Meet Me in Gaza Page 10
In the late afternoon I follow Samer to one last house, where the front door has been torn from its hinges. His mobile rings and he pauses on the step outside. I step inside, to see if anyone is around. I call out and for a moment it seems there is no one and I am alone in this dark, cavernous hallway with debris scattered all around. But suddenly a group of a dozen women and girls appear. They make straight for me and demand to know if I speak Arabic.
‘Er, yes,’ I say.
They grasp my arms and march me along a dark passageway into a bare room with no windows. They shut the door, surround me, take my hands and begin to talk. Two or three of them wipe away salty tears, dirt streaking their faces as they gesture violently with wet fingers. Their voices are loud and shrill and I can catch only a little of what’s being said because they are all speaking at the same time, demanding my attention. I am too drained to make much sense of it all, but realise this doesn’t matter. They want to blurt out what has just happened to them and I simply need to listen. I do my best as we stand there pressed close together in this bare cell of a room until finally their anxious, quavering voices start to die down.
During Operation Winter Heat, the Israeli military killed 110 Gazans, almost half of them civilians, including 26 children. Gazan fighters launched some 200 rockets and mortars towards Israel during the operation. Some of them landed inside Israel, many fell to ground inside Gaza, and the fighters vowed to continue.
The morning after our visit to Izbat Abed Rabbo, I am in a portacabin near the Gazan side of the Erez crossing, just beside the yellow barrier that marks the beginning of no-man’s-land. I’m waiting for the go-ahead to cross no-man’s-land and enter the main Erez crossing terminal building, where Israeli security admits people into Israel, or not.
A man called Hani has his work desk in the portacabin.
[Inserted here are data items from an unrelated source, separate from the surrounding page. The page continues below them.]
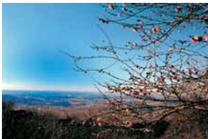
早春の梅林 写真提供 堀越健一郎氏 美浦村老人クラブ連合会趣味クラブ 「写真クラブ」所属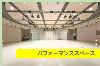
パフォーマンススペース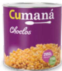
Granos de choclo amarillos enteros x 2950g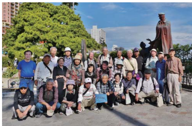
ゴールのお宮の松前で集合写真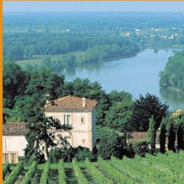
Vignes à Biac (?????)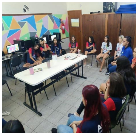
Figura 2: Oficina de Educação Humana com as adolescentes dia 27/11/2025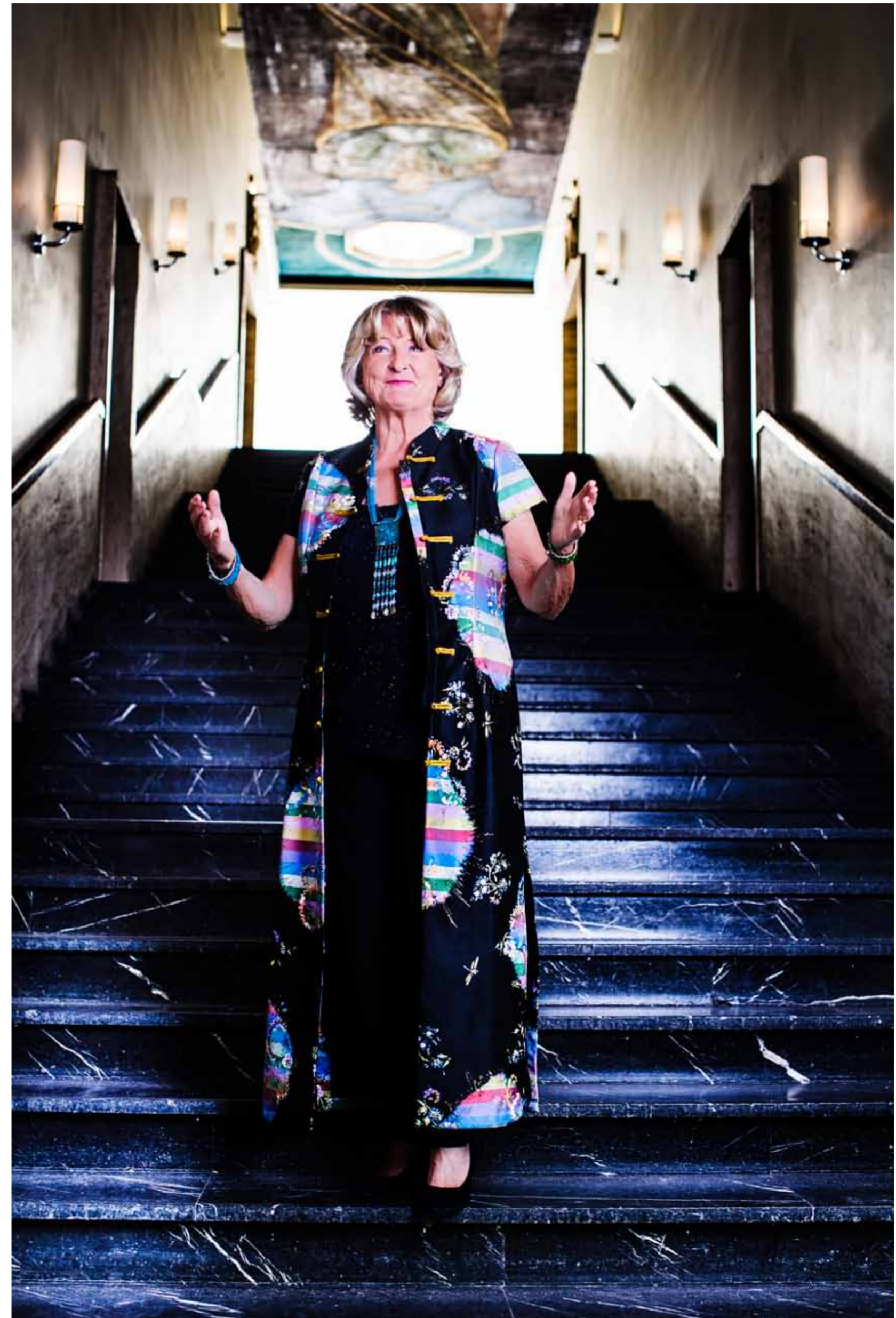
JAZZ. De har høy selvtillit, er kreative og utadvendte, sier forskerne om jazzfolket. Karin Krog gjenner seg ikke igjen. Men hun tror nok det krever litt ekstra å sette seg inn i sjangeren.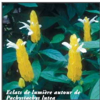
Éclats de lumière autour de Pachystachys lutea

Depuis une quinzaine d'années, le concept de jardin botanique tente de s'installer sur les départements français d'Amérique (DFA). L'omniprésence de la nature aurait-elle fait oublier que la connaissance des plantes, la sauvegarde d'espèces menacées, ou encore l'enrichissement du patrimoine floristique passent par ces lieux incontournables aux accents didactiques? Qu'il soit à vocation scientifique ou simplement d'ordre paysager, le jardin botanique trouve légitimement sa place, au même titre que le conservatoire, dans une perspective globale de notre environnement.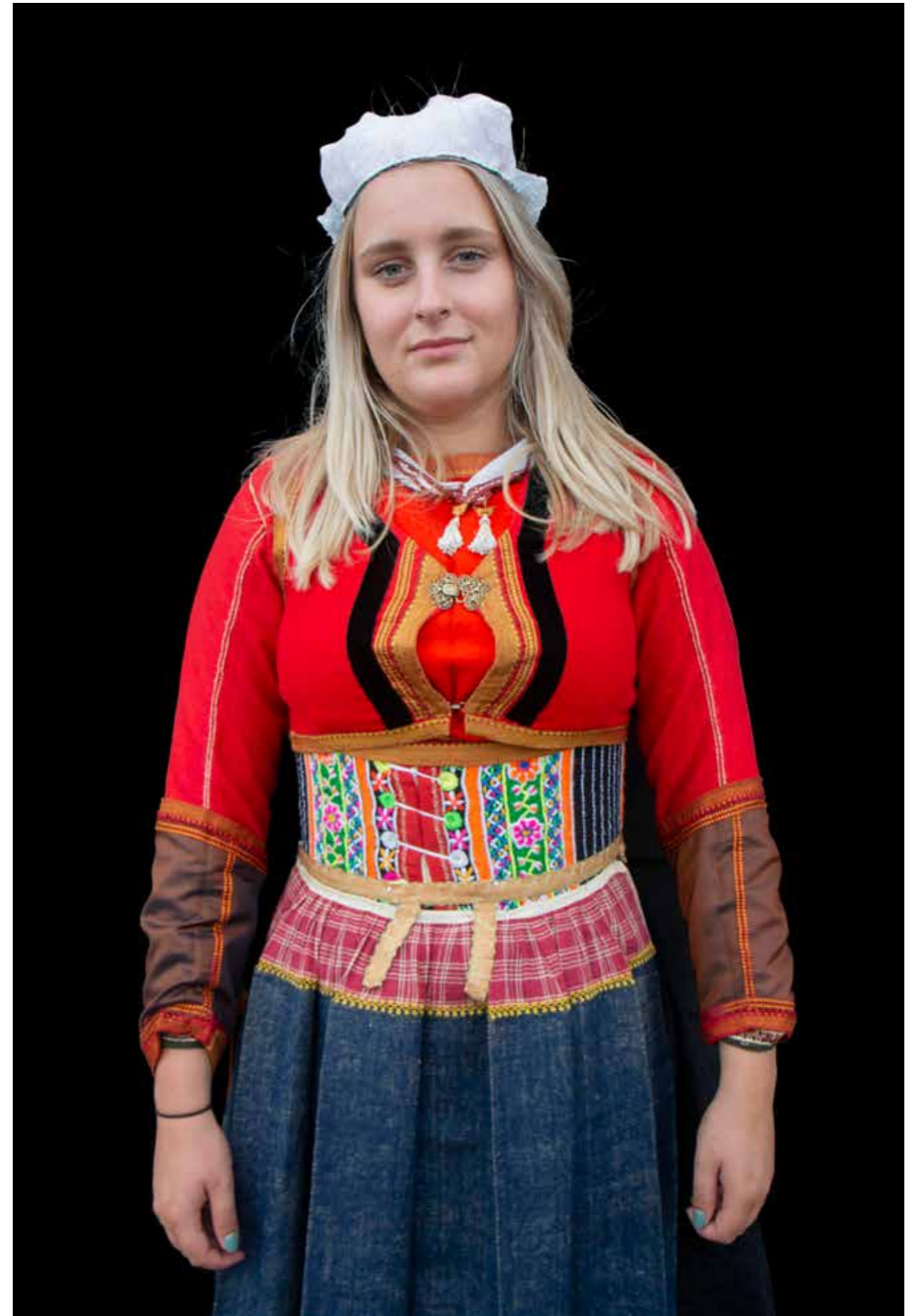
Ondertrouwdracht rode bruid ±1950.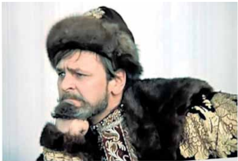
Актер Юрий Яковлев (к/ф "Иван Васильевич меняет профессию")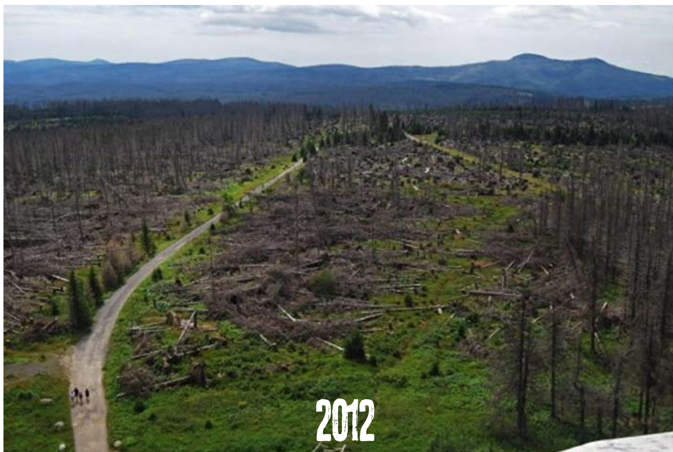
Poledník na Šumavě - pohledy z různých let a z různých úhlů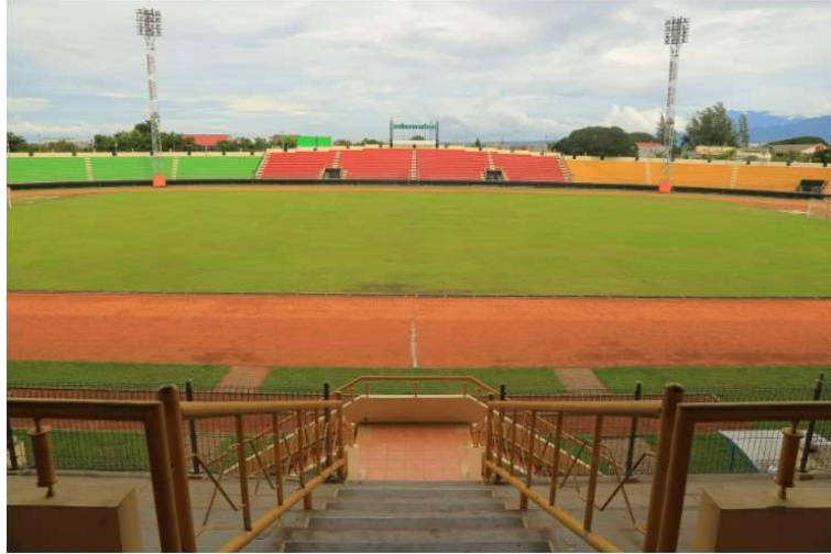
Foto Stadion Wilis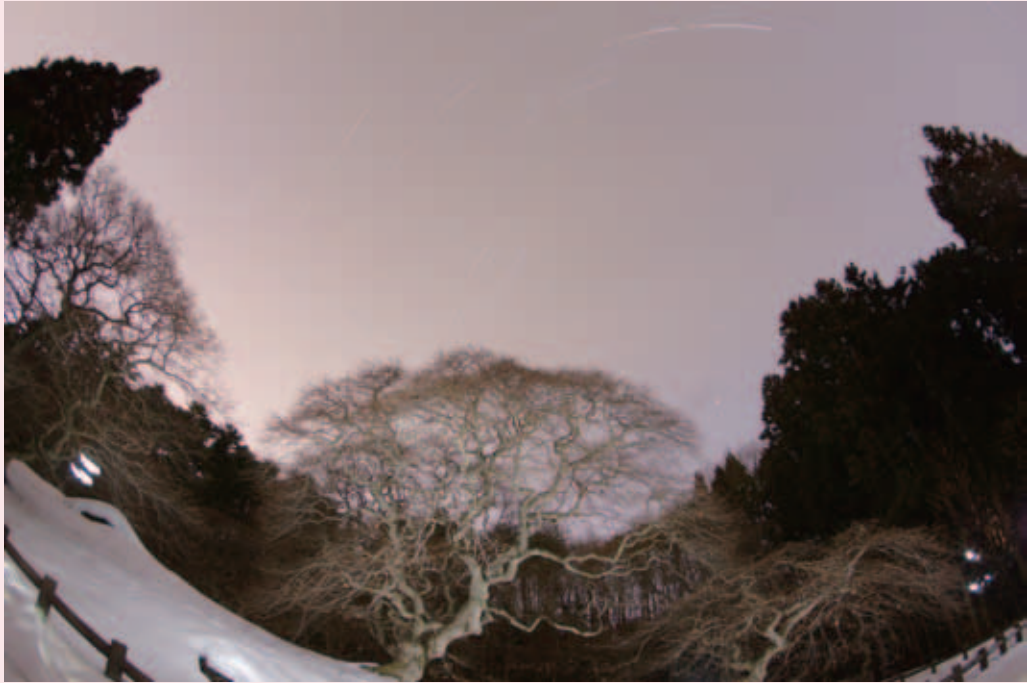
【審査員賞】 厳冬 [撮影場所：大朝地域]

Photograph of Kitahiroshima 北広島町観光写真コンテスト入賞作品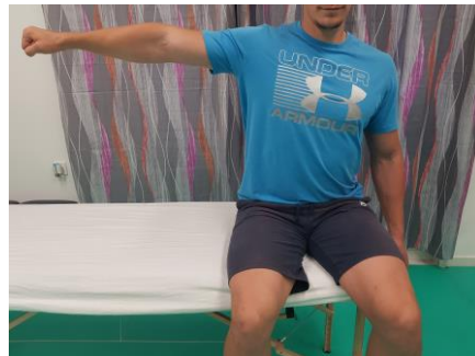
Slika 8. Aktivni pokret abdukcije u sjedećem položaju

3.TJEDAN – ortoza se otključava na 90° (puna fleksija), potpuno pasivne vježbe fleksije (puni opseg), izometričke vježbe jačanja tricepsa, aktivne vježbe šake i ramenog obruča, vježbe cirkulacije; pasivna fleksija, aktivna ekstenzija u zadanom opsegu.

Hani spends his day telephoning Israeli security operatives inside Erez, coordinating permission for individuals to proceed across no-man’s-land, and still he manages to smile.
I have no idea how long it will take me to cross into Israel. Everything I’m carrying will be searched at Erez. The UN does not allow its female staff to walk through the crossing – they drive through in UN vehicles – as there has been a recent spate of incidents involving foreign women being subjected to ‘humiliating strip searches’ by the private Israeli security company working inside the crossing.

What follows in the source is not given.